Non era un terreno facile ma il Presidente Dall'Olio, invitato a parlare di caccia alla trasmissione Mattina in famiglia domenica 26 settembre, se l'è proprio cavata. Già perchè ogni volta che la caccia entra in tv, per forza di cose, lo deve fare partendo da zero. Bisogna spiegare come e perchè si può cacciare in Italia (a dimostrazione di come poco si conosca l'argomento nel nostro paese) ed allontanare le infamanti accuse che quotidianamente le vengono rivolte, argomentando con fatti e dati alla mano. E questo è il problema dei problemi, che finora non è stato risolto. In studio con il Presidente di Federcaccia oltre ai conduttori Tiberio Timperi e Miriam Leone, c'erano Marina Ripa di Meana e Massimo Vitturi della Lav.

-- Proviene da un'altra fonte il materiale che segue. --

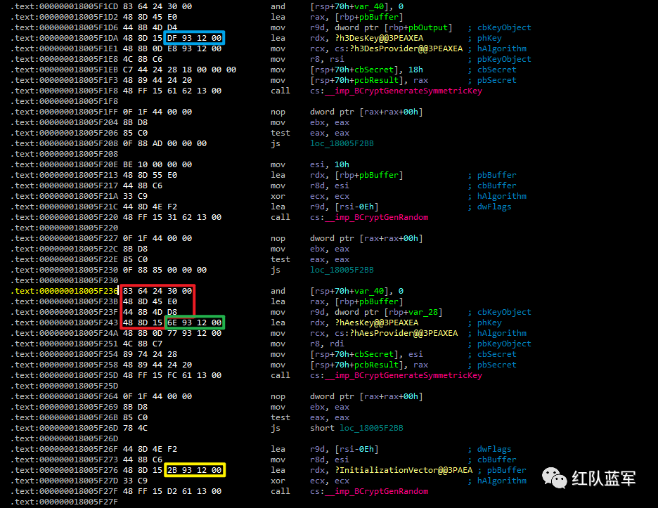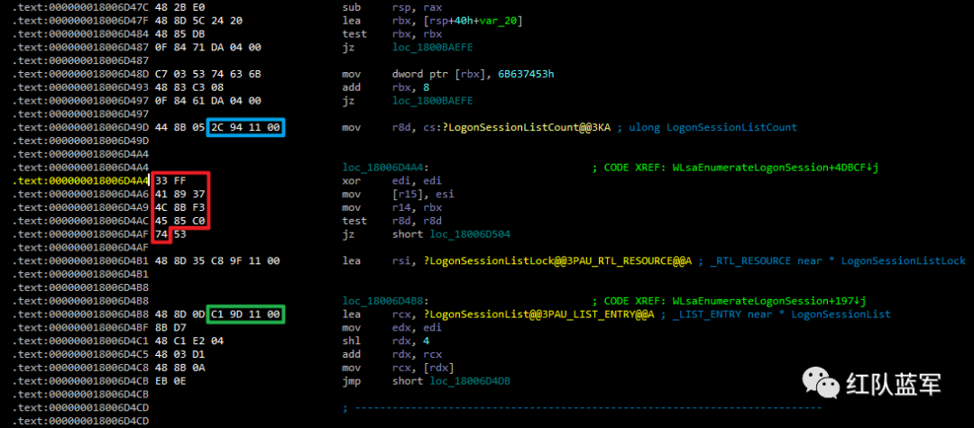 例如在 Windows 10 x64 1903 系统中,Mimikatz 扫描下图红色边框标出的特征码,以识别 mov r9d, cs:?LogonSessionListCount 和 lea rcx, ?LogonSessionList 指令。在 x86_64 架构上,这些指令使用 rip 相对寻址来访问和使用全局变量,下图中的蓝色和绿色边框标出的字节序列,即为指令所保存的 LogonSessionList 和 LogonSessionListCount 相对于当前指令的偏移量(小端序)。

“E' una lotta impari” ha più volte sostenuto Ripa di Meana, intervenuta, ci pare di aver capito, come opinionista e rappresentante del mondo animalista radical shic, cadendo spesso nelle più banali contraddizioni. Vitturi ha invece puntato sulla condanna recentemente inferta all'Italia per la mancata applicazione dei principi europei, per cui ha paventato un prelievo dalle casse dello Stato e di tutti gli italiani (tranquilli, non è vero come ha sostenuto l'animalista, che dovremo pagare. Al momento non c'è da pagare niente! n.d.r) e sull'accesso dei cacciatori nei fondi privati, regolato da una norma, la 842, secondo lui deprecabile perchè viola il diritto di proprietà.
In realtà la 842 ha risposto ad un principio di democratizzazione della caccia, ha ribadito il Presidente Dall'Olio. Nel '42, ha spiegato, “ha risolto un problema annoso” visto che il proprietario di un terreno poteva esercitare lo ius prohivendi ed impedire l'accesso sui propri terreni. Va da sé che questa modifica ha “disciplinato e liberalizzato l'esercizio della caccia”. “L'accesso alla selva è permesso in tutti i paesi” ha detto Dall'Olio. Lo stato non ha fatto altro, in realtà che ribadire che nessuno può arrogarsi il diritto di proprietà sulla selvaggina, nemmeno gli animalisti come Ripa di Meana, che da proprietaria di una porzione di bosco in Umbria, si è lasciata scappare di essere preoccupata per i “propri” animali.
Dall'Olio ha avuto modo di spiegare che la caccia di oggi dev'essere compatibile con le risorse faunistiche e che la maggioranza degli italiani è favorevole ad una caccia normata e sostenibile. Come dimostra la ricerca di Finzi, ha considerato Dall'Olio, gli italiani conoscono poco e male l'argomento anche perchè si è parlato troppe volte (con la complicità dei media ndr) di caccia selvaggia, che, visto che da noi le leggi ci sono e sono tra le più restrittive a livello europeo, non esiste.
Durante la trasmissione si è parlato anche dell'importanza economica del settore sia per i settori produttivi (45 mila posti di lavoro, di cui solo 3.800 nella produzione di armi per la caccia) che per le finanze dello stato (173 euro per il porto d'armi più le tasse regionali che vanno dai 54 euro in Lombardia ai 150 in Emilia Romagna). Non solo, grazie anche all'intervento di Stefano D'Ambrosi, del Ministero delle Politiche Agricole, in studio, si è parlato dell'indotto turistico e dell'apporto dell'attività venatoria ai problemi dell'agricoltura. “Sia in Europa che in Italia – ha detto D'Ambrosi - la caccia ormai si intende come realtà sostenibile”.
Un suggerimento ci permettiamo di fare a Timperi: quando cita dei dati, verifichi prima la fonte. Non è vero che i referendum sono stati vinti dagli ambientalisti, come gli ha suggerito il solito contaballe. In particolare, il referendum del '90 promosso dai radicali e sostenuto da tutte le sigle animaliste-ambientaliste, andò fallito perchè non si raggiunse il quorum. Se queste sono vittorie, fate pure, signori radical-ambientalisti alla Marina Ripa di Meana, ex Lante della Rovere. Ma non continuate a vendere fumo.